Our Cyclical Love-Hate Relationship with Equities

By |2019-02-11T12:44:52-05:00January 17th, 2019|Blog|

“My counsel about the equity market is based more and more on an appreciation of the longest cycles in investor emotion, from euphoric speculative madness (1929, 1968, 2000) to generational hatred and disgust, which may persist for years (1937, 1979, 2009), and back again.”

– NICK MURRAY

Investors around the world have always had a “Love-Hate” relationship with equities. We can’t help ourselves. Sometimes we become so euphorically infatuated with our stocks that we can’t contain ourselves, just like we were back in 1999. Other times, we feel such a terrible sense of hatred and contempt for our shares that we can barely even look at our monthly brokerage statement. As suggested by Nick Murray in the quote above, the wise investor does well to observe the current state of the relationship between company shares and those who own them and to understand that the relationship will have ups and downs.

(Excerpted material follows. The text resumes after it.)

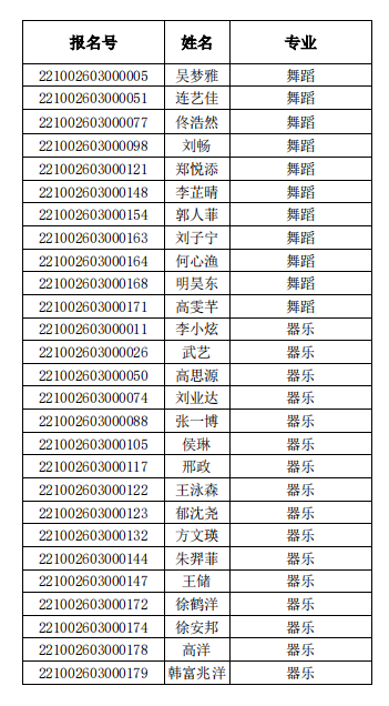 经审核,以下考生通过我校2022年高水平艺术团初审(名单按报名号排序):

It is often just when the relationship is faring well, like in 1999, when we should brace ourselves for an ugly breakup that ends in tears and may take years to resolve. And it is just when things seem like they couldn’t get any worse, like in 2008, when the sparks of a new love affair are about to appear.

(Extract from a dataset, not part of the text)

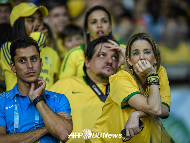 브라질 축구팬들이 연속 골 허용 장면을 지켜보며 안타까워하고 있다./photo@osen.co.kr
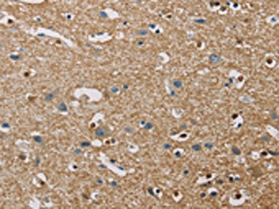 The image on the left is immunohistochemistry of paraffin-embedded Human brain tissue using CSB-PA180077(PIP4K2A Antibody) at dilution 1/40, on the right is treated with fusion protein. (Original magnification: ×200)

These cycles of investor emotion can take years to play out. When the cover of Business Week famously announced “The Death of Equities” in August of 1979, the stock market promptly began one of the greatest and longest bull markets in history, lasting for 20 years. Then, just when our love affair with stocks reached a hot-blooded peak back in 1999, the we found ourselves in a tough battle for the next decade.

In thinking about the current environment for stock prices, it seems that we are somewhere between the deep cultural revulsion of stocks that was common back in 2008 and the type of crazed speculation that was a feature of 1999. In this part of the long emotional cycle, it is best to ignore the interim corrections and pullbacks in share prices. These temporary episodes are invariably opportunities to accumulate more equities or, at very least, to simply ride it out until the recovery comes.

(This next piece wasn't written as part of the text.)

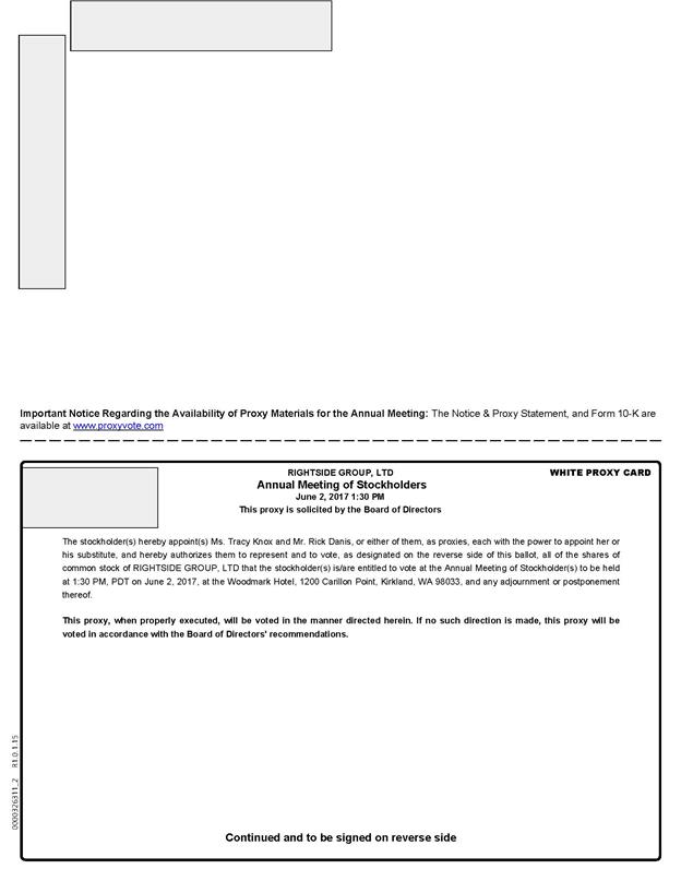 0000326311_2 R1.0.1.15 Important Notice Regarding the Availability of Proxy Materials for the Annual Meeting: The Notice & Proxy Statement, and Form 10-K areavailable atwww.proxyvote.com RIGHTSIDE GROUP, LTD Annual Meeting of Stockholders June 2, 2017 1:30 PM This proxy is solicited by the Board of Directors The stock holder(s)here by appoint(s)Ms.Tracy Knox and Mr.Rick Danis, or either of them, as proxies, each with the power to appoint her or his substitute, and here by authorizes them to represent and to vote, as designated on the reverse side of this ballot, all of the shares of common stock of RIGHTSIDE GROUP, LTD that the stock holder(s) is/are entitled to vote at the Annual Meeting of Stockholder(s) to be held at 1:30 PM, PDT on June 2, 2017, at the Woodmark Hotel, 1200 Carillon Point, Kirkland, WA 98033, and any adjournment or postponement thereof. This proxy, when properly executed, will be voted in the manner directed herein. If no such direction is made, this proxy will be voted in accordance with the Board of Directors' recommendations. Continued and to be signed on reverse side WHITE PROXY CARD

Of course, we wouldn’t dream of predicting where investors are currently this cyclical relationship as human emotion is much too hard to predict. We may be close to the peak of our love affair with stocks, or we may not even be halfway there. What we do know is that the S&P 500 recently corrected by about 19 percent between September and December of 2018, an occurrence that is historically fairly common (the S&P 500 has corrected by over 10 percent a total of 75 times since World War II). The response of investors everywhere has been to freak out with fear. We may be wrong, but it doesn’t seem like crazed speculation is a feature of today’s equity market.  In fact, it doesn’t even feel close.